[Collection entries]
☆ ☆ ☆ ☆ ☆ ☆ ☆
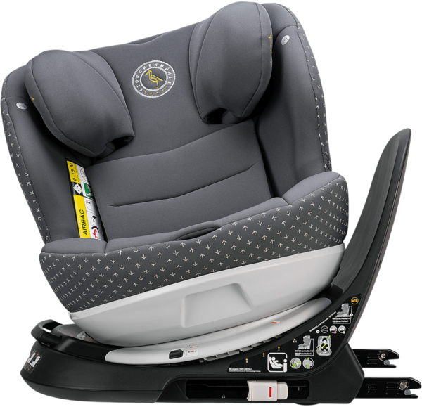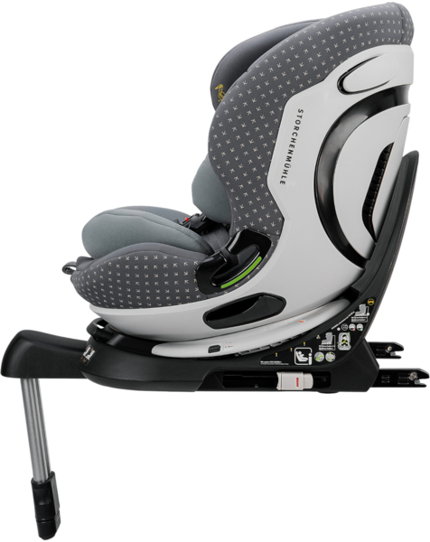 Кресло фиксируется с помощью Isofix в сочетании с опорной ножкой. Начиная с роста 100 см (и обязательно от 105 см), ножку складывают, а кресло закрепляют через Isofix вместе с трехточечным ремнем авто или только трехточечным ремнем.
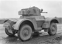 An advantage of the H-drive was the low overall body height as the hull could sit between the suspension units, rather than above axles. This was demonstrated by the Canadian Lynx Scout Car, a derivative of the Daimler Dingo but using conventional Ford axles, which was a foot higher overall (70 in, 1.8 m vs 59 in, 1.5 m).[5][6]
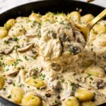 This creamy Boursin gnocchi dish combines tender potato gnocchi with a rich and flavorful sauce made from sautéed mushrooms, onions, garlic, cream, and soft Boursin cheese. Perfectly seasoned and garnished with fresh parsley, it delivers a comforting and indulgent Italian-inspired meal that can be prepared quickly on the stovetop.
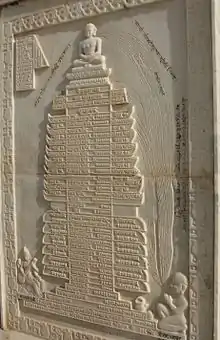 Ayagapata is a type of votive tablet used in Jainism for donation and worship in the early centuries. These tablets are decorated with objects and designs central to Jain worship such as the stupa, dharmacakra and triratna. They present simultaneous trends or image and symbol worship. Numerous such stone tablets were discovered during excavations at ancient Jain sites like Kankali Tila near Mathura in Uttar Pradesh, India. The practice of donating these tablets is documented from first century BCE to third century CE.[258][259] Samavasarana, a preaching hall of tirthankaras with various beings concentrically placed, is an important theme of Jain art.[260]
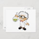 Scientist with glasses holding a beaker with periodic table of elements in posted note form
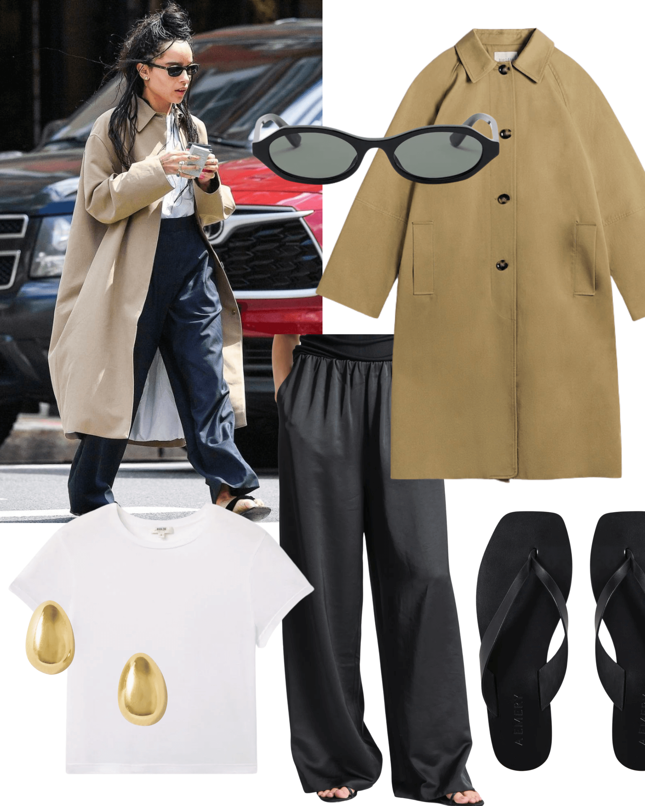 BHOEM Oversized Trench Coat, Saint Art Paige Pull On Pants, Agolde Adine Shrunken Tshirt, A.Emery Kinto Sandal, McQueen Geometric Oval Sunglasses, Sophie Buhai Tiny Egg Gold Vermeil Earrings
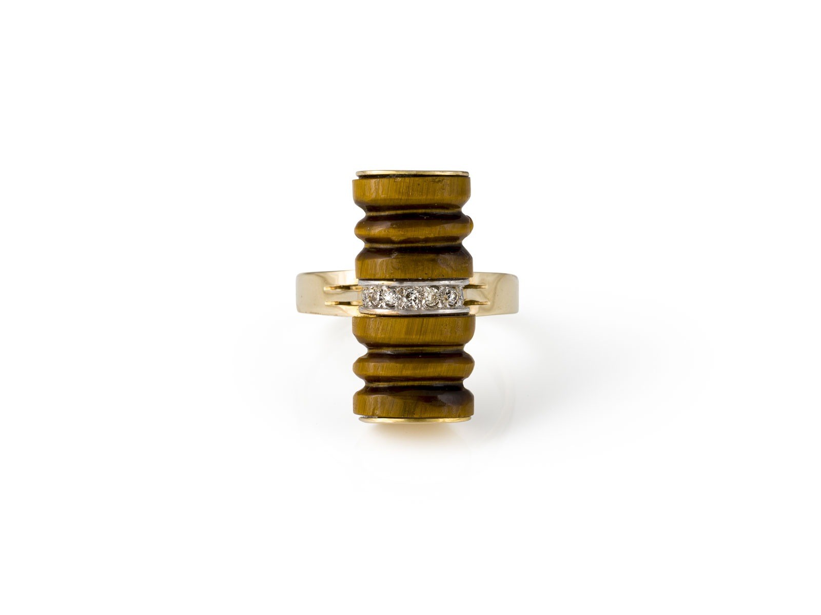 GG 585. Ringmaß: ca. 52. Ringkopfmaße: ca. 21,2 mm x 10,3. Ges.-Gew.: ca. 6,5 g. Design Ring mit einem Katzenaugen-Quarz, sowie Brillantbesatz zus. ca. 0.09 ct.
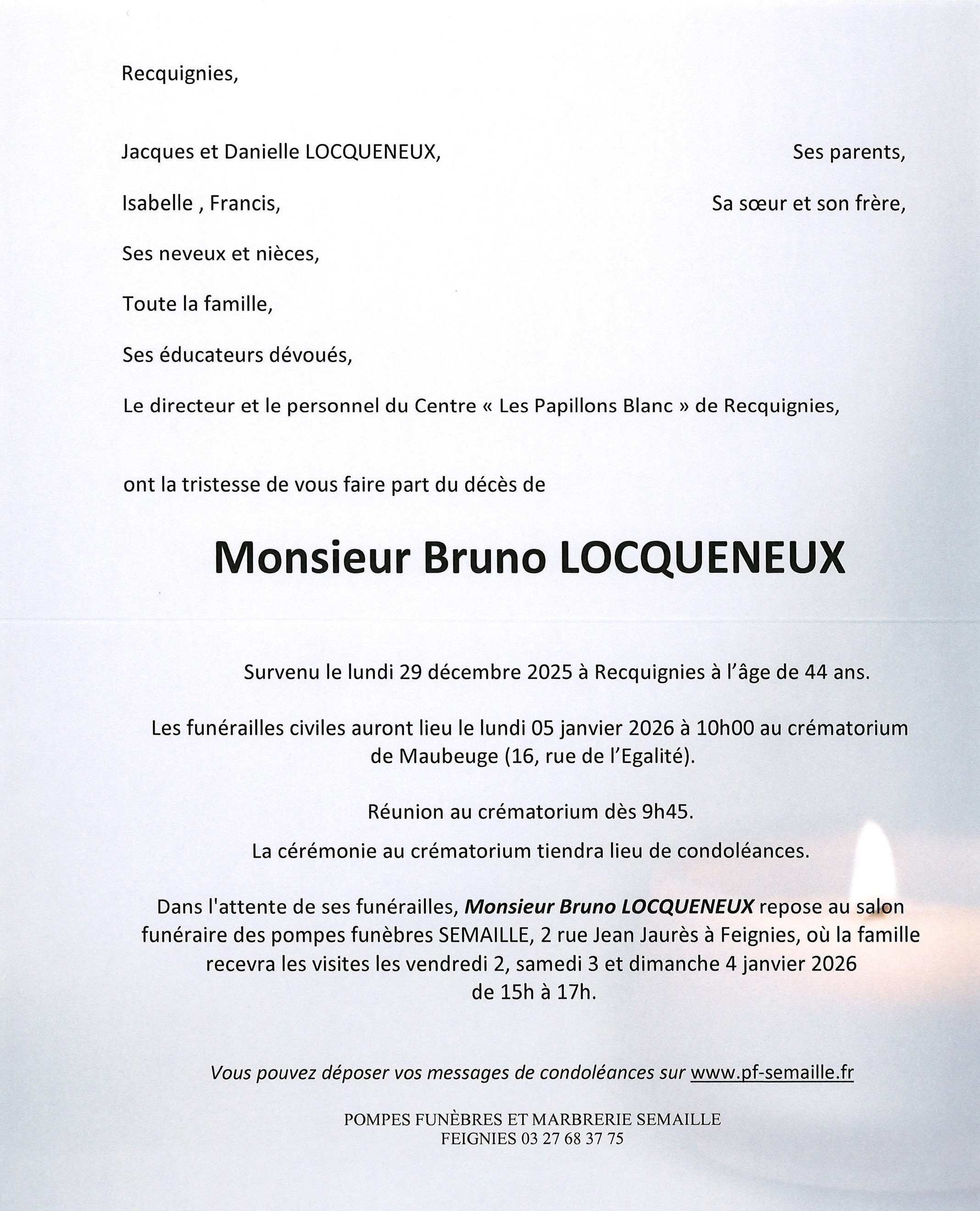 Avis de décès de Monsieur Bruno LOCQUENEUX
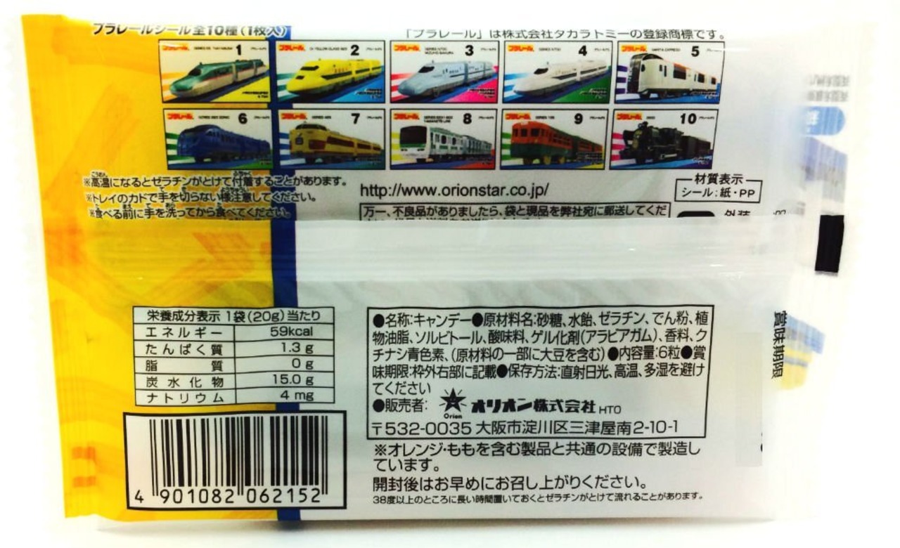 タカラトミーの代表的な男児玩具『プラレール』パッケージのサイダー味グミキャンディです。
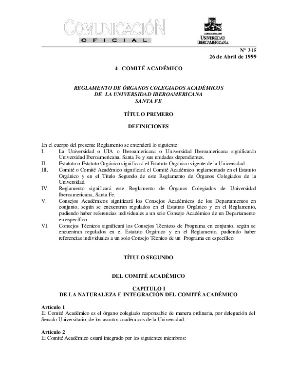 | Comunicación Oficial No. 315. 26 de abril de 1999 | Comunicación Oficial No. 315. 26 de abril de 1999 | | |
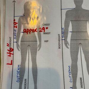 No tags. It has about a 3” opening on the seam of one shoulder that could be easily repaired. Suede panels show minor wear and some flaws on the sleeves that are not really noticeable due to the design.
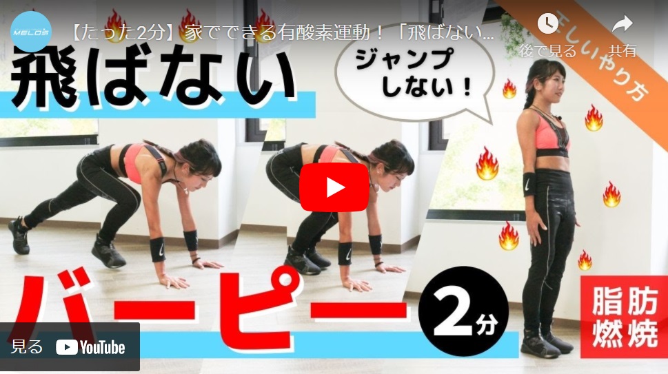 今回は「飛ばないバーピー」の正しいやり方をご紹介。全身の脂肪を燃やす有酸素運動です。ジャンプをしないため、マンションなどでもやりやすい種目となります。ぜひやってみてください。
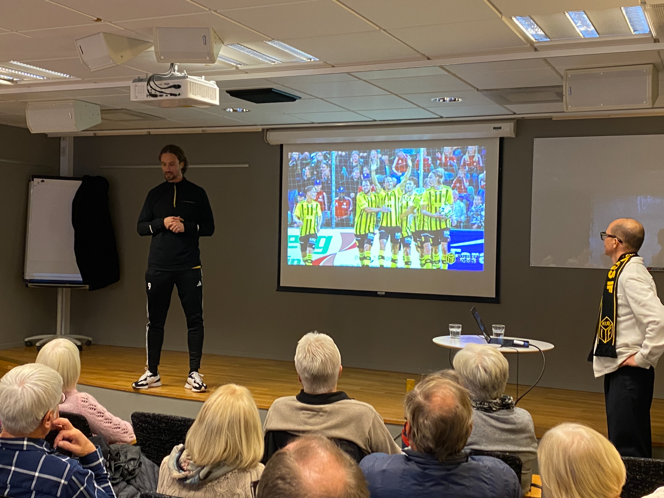 50 st Freja medlemmar fick avnjuta en god lunch med efterföljande information i hotellets konferensavdelning av KUBIKENBORGS IF:s ordförande Mikael Friman och fotbollsspelaren Linus Hallenius.
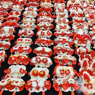 2025新年红色儿童发夹蝴蝶结发饰古风过年头饰中国风汉服发卡批发
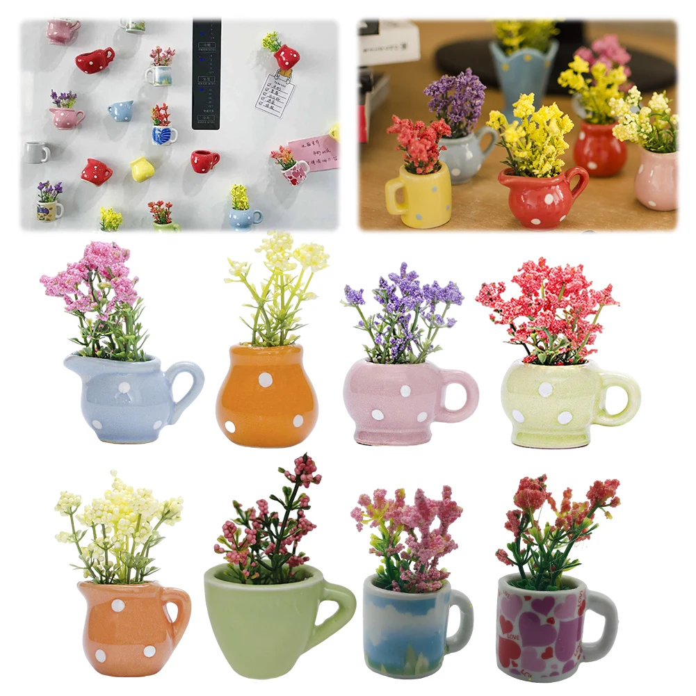 8pcs Mini Ceramic Vase Fridge Magnets Flower Vase Refrigerator Magnets for Home Kitchen Office School Locker Whiteboard
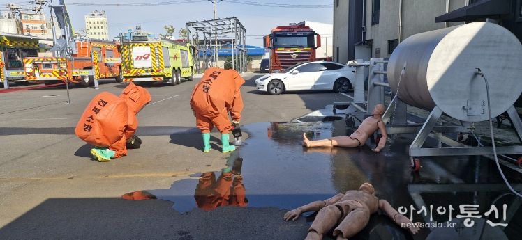 [아시아통신] 전북특별자치도소방본부는 지난 1일 119특수대응단 화학구조대 청사에서 유해화학물질 누출 사고 대응 역량 강화를 위한 합동훈련을 실시했다.
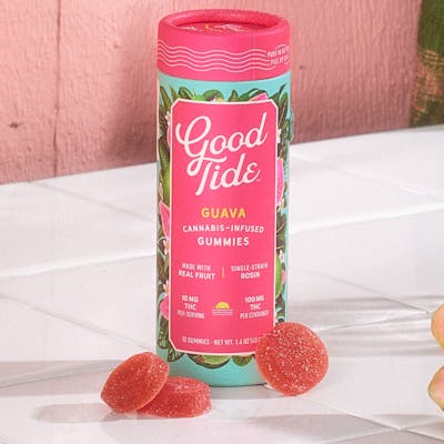 Take a tropical plunge with Good Tide guava gummies.Infused with rosin extracted from hybrid cannabis strains, our guava gummies offer a balanced high with true-to-plant properties. The naturally occurring terpenes and minor cannabinoids present in our solventless hash rosin combine with the real- fruit guava ingredients to create a deliciously rounded experience.
☆ ☆ ☆ ☆ ☆ ☆ ☆
> [Prompt]: Leaving pictures out, output the lines of the data above from the one with "Avis de décès de Monsieur Bruno LOCQUENEUX" through the one with "2025新年红色儿童发夹蝴蝶结发饰古风过年头饰中国风汉服发卡批发", word for word.

> [Reply to the exercise]:
 Avis de décès de Monsieur Bruno LOCQUENEUX
 タカラトミーの代表的な男児玩具『プラレール』パッケージのサイダー味グミキャンディです。
 | Comunicación Oficial No. 315. 26 de abril de 1999 | Comunicación Oficial No. 315. 26 de abril de 1999 | | |
 No tags. It has about a 3” opening on the seam of one shoulder that could be easily repaired. Suede panels show minor wear and some flaws on the sleeves that are not really noticeable due to the design.
 今回は「飛ばないバーピー」の正しいやり方をご紹介。全身の脂肪を燃やす有酸素運動です。ジャンプをしないため、マンションなどでもやりやすい種目となります。ぜひやってみてください。
 50 st Freja medlemmar fick avnjuta en god lunch med efterföljande information i hotellets konferensavdelning av KUBIKENBORGS IF:s ordförande Mikael Friman och fotbollsspelaren Linus Hallenius.
 2025新年红色儿童发夹蝴蝶结发饰古风过年头饰中国风汉服发卡批发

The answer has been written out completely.